Well, of course. No one wants to be confronted with the ugliness of war in their living rooms every evening, and many people who don't otherwise think very much about the reasons for going to war would be repelled by the visuals of death and carnage, but if the nightly news bombarded us with the horrors of automobile accidents night after night many people would probably support serious restrictions on automobiles, too. Her complaint, at bottum, is that she's against the war and she's upset that the media haven't done everything they could to turn the rest of public opinion against it.

If Ms Goodman thinks the American media are in decline because of their alleged support for the war, she hasn't been paying attention. Every night we're reminded of the death toll. Every night we hear of bombings and mayhem, but rarely is there a report on the many positive developments taking place in Iraq and Afghanistan. Instead we hear report after report about how dire the situation is "on the ground" and how chaotic Iraq is.

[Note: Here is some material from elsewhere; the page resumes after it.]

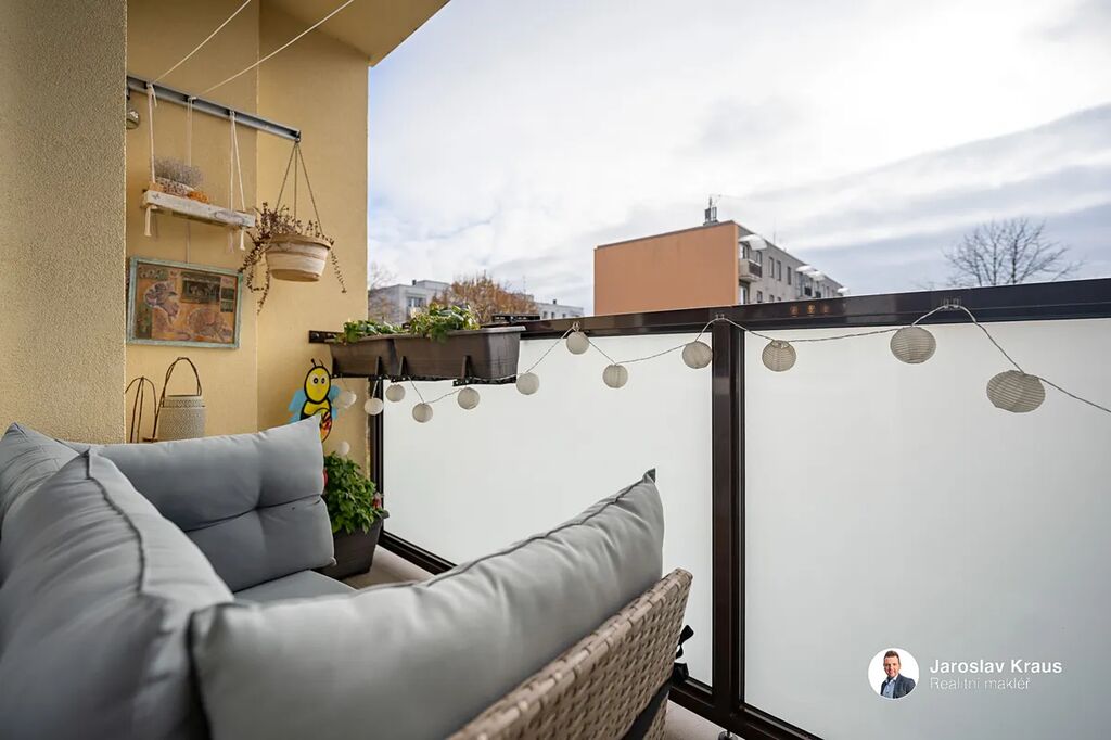 Z lodžie o velikosti 4 m² si můžete vychutnat klidné chvíle u kávy nebo si zde vytvořit svůj malý zelený koutek.
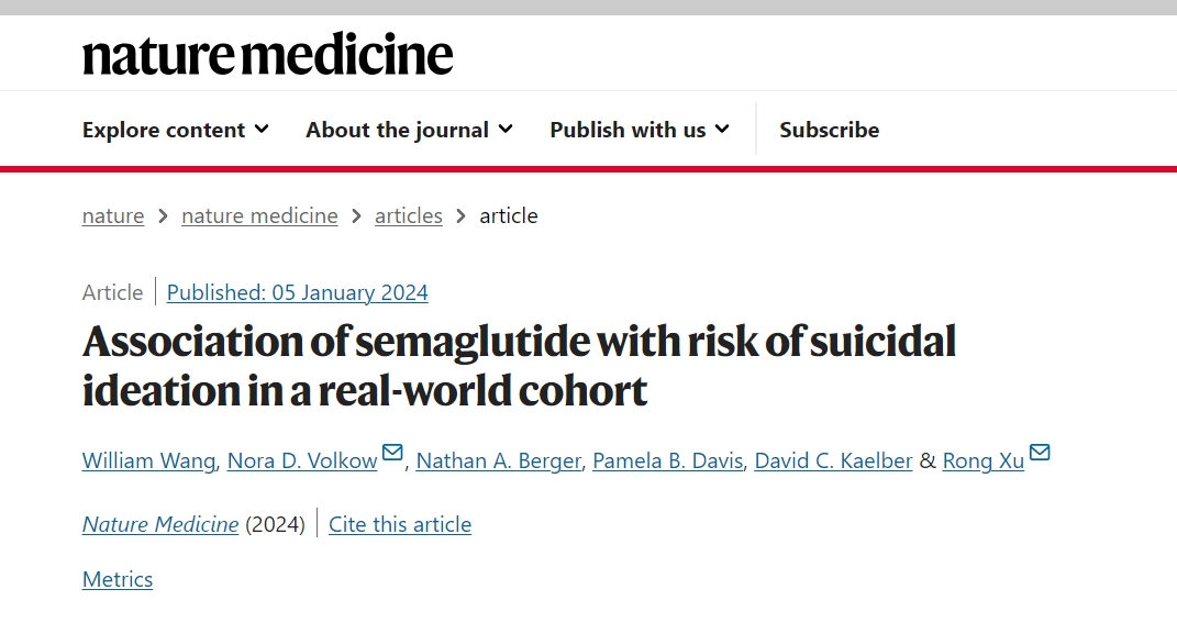 而最新发表在国际顶尖医学期刊Nature Medicine上的研究发现,在对180万名2型糖尿病或肥胖症患者的电子医疗记录数据调查研究之后,研究人员认为司美格鲁肽的使用与自杀念头的增加无关,实际上,这种药物反而降低了自杀念头。Wegovy和Ozempic的有效成分都是司美格鲁肽。

Moreover, both the LA Times and New York Times are, in fact, anti-Bush, anti-war papers, and their circulation numbers are in decline, especially those of the LA Times. People are resigning their allegiance to the old media for a number of reasons, but dissatisfaction with their "cheerleading" is hardly one of them. If it were, how would we explain the fact that conservative talk radio is prospering?

The old media is suffering because of the proliferation of competitive alternatives on cable news networks, talk radio, and the internet. They're also declining in influence because people are disgusted with their liberal tendentiousness and the realization that they can't be trusted to present the whole truth.

If Ms Goodman thinks that the solution to the woes of mainstream print and broadcast media is to embrace the likes of al-Jazeera then she's living in a fantasy world. As a perusal of the article linked above will show, even others at al-Jazeera's News Forum said as much.